DistilBERT is a smaller version of BERT developed and open sourced by the team at HuggingFace. It’s a lighter and faster version of BERT that roughly matches its performance.



It should be noted that although the `[CLS]` acts as an "aggregate representation" for classification tasks, this is not the best choice for a high quality sentence embedding vector. [According to](https://github.com/google-research/bert/issues/164) BERT author Jacob Devlin: "*I'm not sure what these vectors are, since BERT does not generate meaningful sentence vectors. It seems that this is is doing average pooling over the word tokens to get a sentence vector, but we never suggested that this will generate meaningful sentence representations*."

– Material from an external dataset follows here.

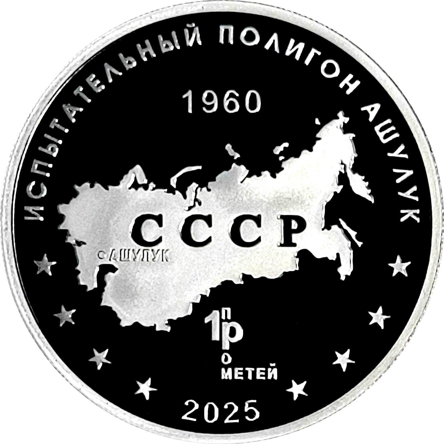 Опис: Карта СРСР, назва випробувального полігону та рік його відкриття, а також рік випуску медалі та напис.

(However, the [CLS] token does become meaningful if the model has been fine-tuned, where the last hidden layer of this token is used as the "sentence vector" for sequence classification.)


In [None]:
import pandas as pd
import re
from bs4 import BeautifulSoup
import seaborn as sns
import numpy as np

## 1. Data Loading

In [None]:
basefn = "/content/drive/My Drive/fraud_analysis/datasets/"
df_corpus = pd.read_csv(basefn + "deceptive-opinion.csv")
df_corpus['LABEL'] = 1
df_corpus.loc[df_corpus['deceptive']=='truthful', 'LABEL'] = 0

In [None]:
def review_to_words( raw_review ):
    # Function to convert a raw review to a string of words
    # The input is a single string (a raw movie review), and 
    # the output is a single string (a preprocessed movie review)
    #
    # 1. Remove HTML
    review_text = BeautifulSoup(raw_review).get_text() 
    # 2. Only keep letters
    letters_only = re.sub("[^a-zA-Z]", " ", review_text) 
    # 3. Convert to lower case, split into individual words
    words = letters_only.lower().split()                             
    
    return( " ".join(words)) 
# Get the number of reviews based on the dataframe column size
num_reviews = df_corpus["text"].size

# Initialize an empty list to hold the clean reviews
clean_train_reviews = []

# Loop over each review; create an index i that goes from 0 to the length
# of the movie review list 
for i in range(0, num_reviews ):
    # Call our function for each one, and add the result to the list of
    # clean reviews
    clean_train_reviews.append( review_to_words( df_corpus["text"][i] ) )

In [None]:
df_corpus['TEXT'] = clean_train_reviews
df_corpus = df_corpus[['TEXT', 'LABEL']]
df_corpus.head()

Unnamed: 0,TEXT,LABEL
0,we stayed for a one night getaway with family ...,0
1,triple a rate with upgrade to view room was le...,0
2,this comes a little late as i m finally catchi...,0
3,the omni chicago really delivers on all fronts...,0
4,i asked for a high floor away from the elevato...,0


## 2. Baseline Model

In [None]:
from sklearn.linear_model import LogisticRegression
from sklearn.model_selection import train_test_split
from sklearn.feature_extraction.text import CountVectorizer

In [None]:
df_train, df_test, train_labels, test_labels = train_test_split(df_corpus.TEXT, df_corpus.LABEL, test_size=0.25, random_state=123)

#### BoW Model

In [None]:
vectorizer = CountVectorizer()
X_train = vectorizer.fit_transform(df_train)
X_test =vectorizer.transform(df_test)

#### Logistic Regression

In [None]:
lr_clf = LogisticRegression(max_iter=20000)
lr_clf.fit(X_train, train_labels)

LogisticRegression(C=1.0, class_weight=None, dual=False, fit_intercept=True,
                   intercept_scaling=1, l1_ratio=None, max_iter=20000,
                   multi_class='auto', n_jobs=None, penalty='l2',
                   random_state=None, solver='lbfgs', tol=0.0001, verbose=0,
                   warm_start=False)

#### Evaluating the baseline model

In [None]:
lr_clf.score(X_test, test_labels)

0.8225

## 3. BERT without Fine-Tune

#### Load pre-trained model

In [None]:
import torch
from transformers import DistilBertTokenizer, DistilBertModel
# Load pre-trained model tokenizer (vocabulary)
tokenizer = DistilBertTokenizer.from_pretrained('distilbert-base-uncased')
# Load pre-trained model (weights)
model = DistilBertModel.from_pretrained('distilbert-base-uncased')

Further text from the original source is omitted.